Two Brains didn't even turn in his direction.

"Oh, please, you're just saying that because if she's a little girl, that makes you a little boy, and you wanna pretend to be more grown than you are!"

Donita began examining her nails.

"Excuse me, we are preteens! We have our own category! Ergo, not… little!"

"Uh yeah, you are! The preteen demographic spans from eight to twelve, which includes the ages of eight and ten, which are little children! By extension, you are little children!"

"And by extension, you're a doodyhead, so there!" Tobey crossed his arms and turned away.

"Ooh, I'm so hurt! What am I gonna do now? Hah!"

She waited a moment.

"Are you two finished?"

"Yeah, go ahead." Two Brains said, waving her on.

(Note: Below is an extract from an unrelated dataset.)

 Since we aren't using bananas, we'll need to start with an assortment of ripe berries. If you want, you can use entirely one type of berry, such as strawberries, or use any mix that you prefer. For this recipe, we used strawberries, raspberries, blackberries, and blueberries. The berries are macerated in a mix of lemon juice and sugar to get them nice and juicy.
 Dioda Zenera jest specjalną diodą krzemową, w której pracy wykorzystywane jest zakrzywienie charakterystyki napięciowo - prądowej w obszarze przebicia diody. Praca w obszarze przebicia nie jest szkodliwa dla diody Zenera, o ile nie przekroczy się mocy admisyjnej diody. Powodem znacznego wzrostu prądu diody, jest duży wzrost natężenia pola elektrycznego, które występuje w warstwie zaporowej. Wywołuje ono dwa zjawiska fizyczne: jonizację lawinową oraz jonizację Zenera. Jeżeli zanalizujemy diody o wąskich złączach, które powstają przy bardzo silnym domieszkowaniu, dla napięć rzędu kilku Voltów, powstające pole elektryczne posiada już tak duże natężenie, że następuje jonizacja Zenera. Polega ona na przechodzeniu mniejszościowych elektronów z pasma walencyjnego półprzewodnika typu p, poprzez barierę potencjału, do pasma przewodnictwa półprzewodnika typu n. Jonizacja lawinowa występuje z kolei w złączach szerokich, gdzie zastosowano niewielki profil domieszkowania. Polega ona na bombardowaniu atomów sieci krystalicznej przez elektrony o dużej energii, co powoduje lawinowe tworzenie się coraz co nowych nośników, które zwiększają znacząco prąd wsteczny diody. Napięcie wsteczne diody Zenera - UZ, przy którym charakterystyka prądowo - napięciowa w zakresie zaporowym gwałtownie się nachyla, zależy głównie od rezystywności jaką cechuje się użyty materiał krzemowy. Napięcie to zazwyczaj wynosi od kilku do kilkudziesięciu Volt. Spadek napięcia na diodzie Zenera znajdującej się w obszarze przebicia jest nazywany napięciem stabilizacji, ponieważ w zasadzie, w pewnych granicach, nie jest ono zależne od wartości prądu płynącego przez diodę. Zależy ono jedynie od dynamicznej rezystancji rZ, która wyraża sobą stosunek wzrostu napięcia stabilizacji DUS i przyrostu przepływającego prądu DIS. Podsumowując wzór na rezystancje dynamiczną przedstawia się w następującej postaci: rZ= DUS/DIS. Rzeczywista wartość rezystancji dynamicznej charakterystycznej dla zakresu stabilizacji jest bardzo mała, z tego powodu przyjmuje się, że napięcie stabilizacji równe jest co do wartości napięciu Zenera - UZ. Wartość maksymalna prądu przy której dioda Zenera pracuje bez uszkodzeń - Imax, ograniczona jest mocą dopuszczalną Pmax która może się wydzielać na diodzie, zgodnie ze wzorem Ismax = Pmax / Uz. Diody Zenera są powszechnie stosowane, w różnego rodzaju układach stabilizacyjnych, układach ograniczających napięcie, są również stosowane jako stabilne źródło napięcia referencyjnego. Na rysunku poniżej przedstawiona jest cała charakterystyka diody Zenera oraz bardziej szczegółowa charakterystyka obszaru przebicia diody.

"I believe I can solve your 'Word Girl' problem, and rather quickly."

To her surprise, nearly the entire room burst into laughter.

"You? Stop Word Girl? That's a good one!" Tobey said, wiping a tear off his face. He was actually laughing so hard he was crying.

"She doesn't know who she's dealing with!" The old woman cackled.

"You gonna wham her with your looks?" the Whammer said (or "whammed", as he liked to interject) between rounds of laughter.

"Listen, lady, if an entire room full of super powered villains can't stop Word Girl, what makes you think you can?" Two Brains asked, attempting to straighten up.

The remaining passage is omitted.